▶ **ABOUT THIS EXERCISE**
Images are to be excluded from the copy, and the records below reproduced word for word.

▶ **EXCERPTED RECORDS**
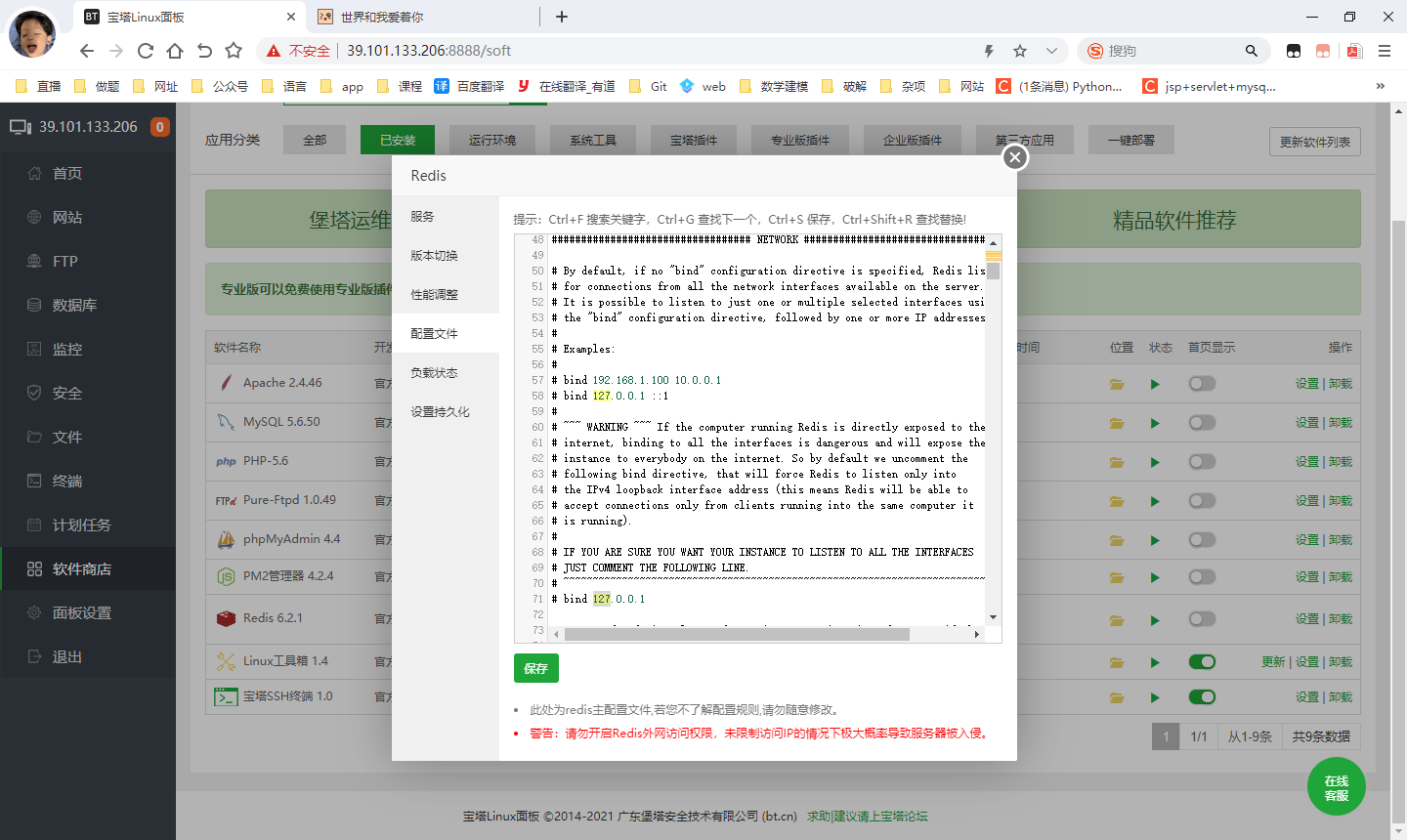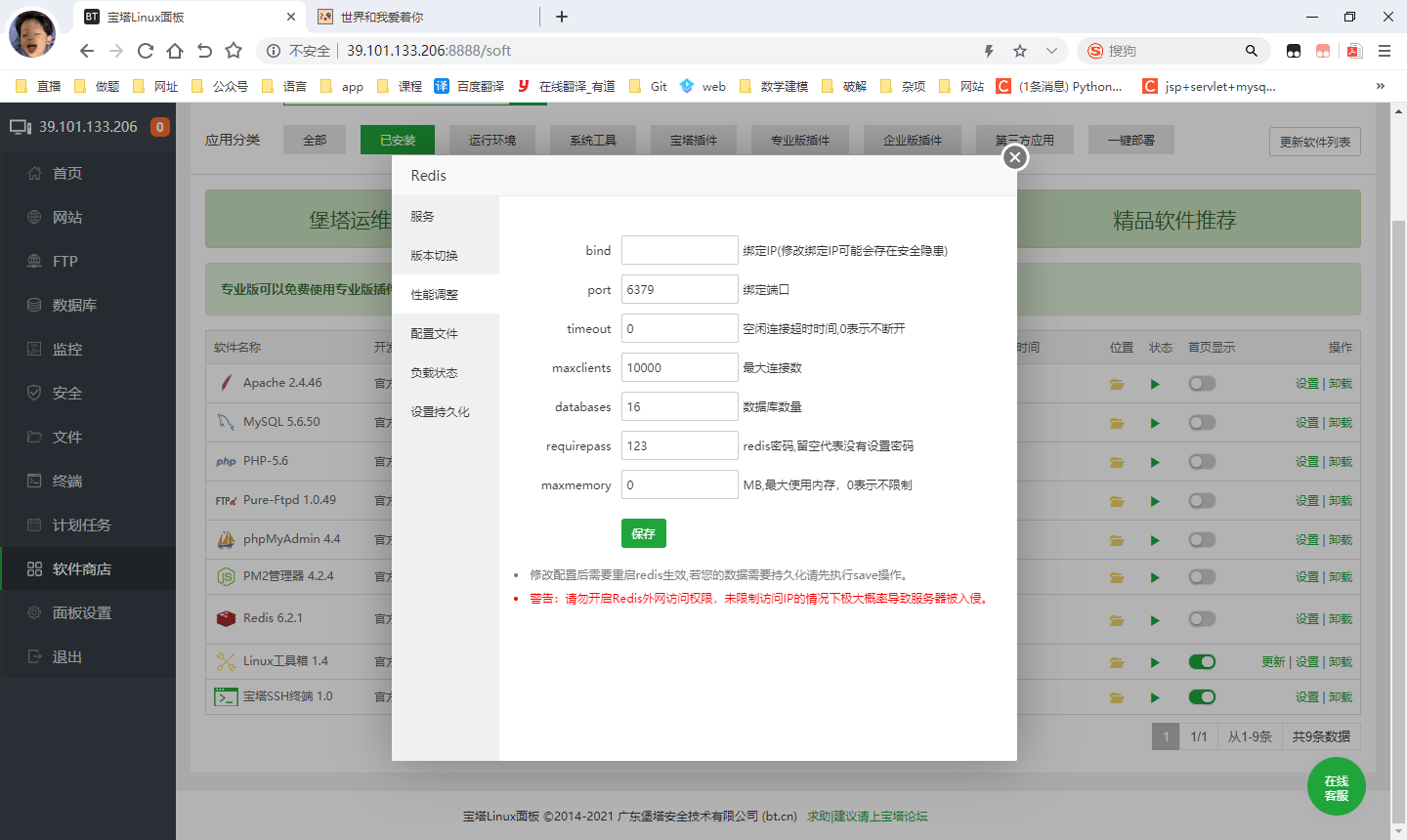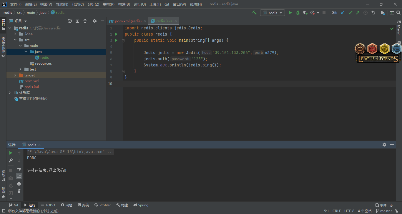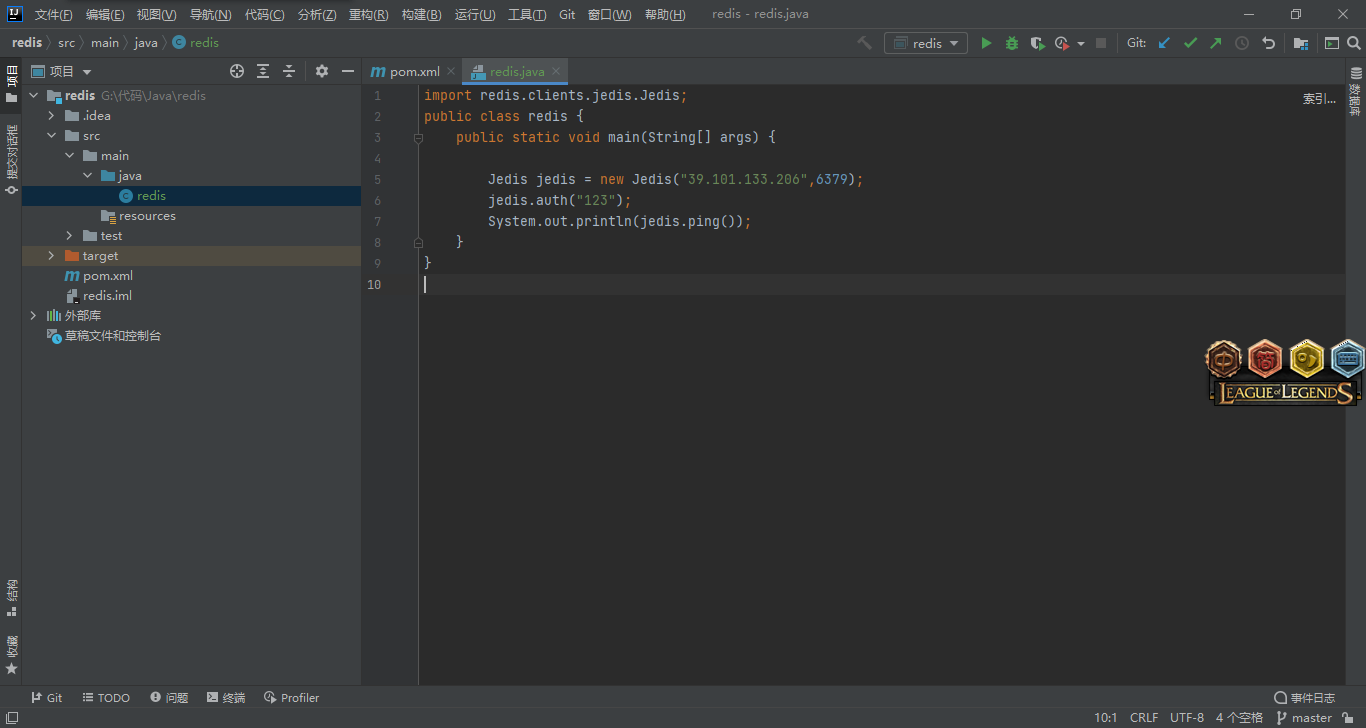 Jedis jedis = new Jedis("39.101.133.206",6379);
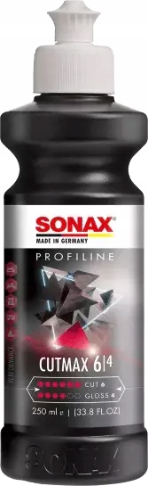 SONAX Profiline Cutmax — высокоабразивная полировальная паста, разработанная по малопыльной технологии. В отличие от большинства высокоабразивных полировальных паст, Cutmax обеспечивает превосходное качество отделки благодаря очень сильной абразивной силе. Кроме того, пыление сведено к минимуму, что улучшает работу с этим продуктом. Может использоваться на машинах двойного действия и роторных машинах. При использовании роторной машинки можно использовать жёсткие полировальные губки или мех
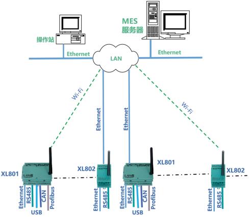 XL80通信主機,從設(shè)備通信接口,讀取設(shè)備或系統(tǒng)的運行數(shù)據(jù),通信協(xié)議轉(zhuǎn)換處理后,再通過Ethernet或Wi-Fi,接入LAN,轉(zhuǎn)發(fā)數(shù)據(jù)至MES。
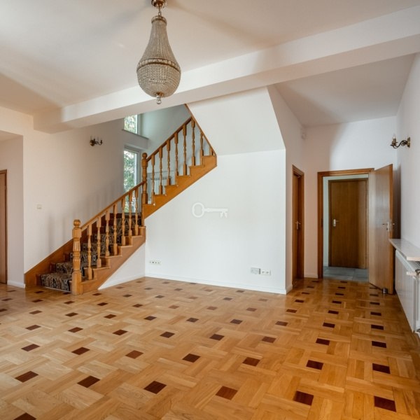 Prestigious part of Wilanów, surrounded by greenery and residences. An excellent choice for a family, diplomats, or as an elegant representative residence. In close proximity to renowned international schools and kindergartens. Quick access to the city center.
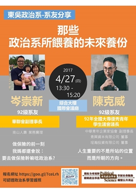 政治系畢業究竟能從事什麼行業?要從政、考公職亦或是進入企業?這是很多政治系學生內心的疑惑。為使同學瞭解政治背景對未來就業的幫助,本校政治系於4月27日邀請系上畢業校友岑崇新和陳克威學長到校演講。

▶ **SOLUTION BELOW**
 Jedis jedis = new Jedis("39.101.133.206",6379);
 SONAX Profiline Cutmax — высокоабразивная полировальная паста, разработанная по малопыльной технологии. В отличие от большинства высокоабразивных полировальных паст, Cutmax обеспечивает превосходное качество отделки благодаря очень сильной абразивной силе. Кроме того, пыление сведено к минимуму, что улучшает работу с этим продуктом. Может использоваться на машинах двойного действия и роторных машинах. При использовании роторной машинки можно использовать жёсткие полировальные губки или мех
 XL80通信主機,從設(shè)備通信接口,讀取設(shè)備或系統(tǒng)的運行數(shù)據(jù),通信協(xié)議轉(zhuǎn)換處理后,再通過Ethernet或Wi-Fi,接入LAN,轉(zhuǎn)發(fā)數(shù)據(jù)至MES。
 Prestigious part of Wilanów, surrounded by greenery and residences. An excellent choice for a family, diplomats, or as an elegant representative residence. In close proximity to renowned international schools and kindergartens. Quick access to the city center.
 政治系畢業究竟能從事什麼行業?要從政、考公職亦或是進入企業?這是很多政治系學生內心的疑惑。為使同學瞭解政治背景對未來就業的幫助,本校政治系於4月27日邀請系上畢業校友岑崇新和陳克威學長到校演講。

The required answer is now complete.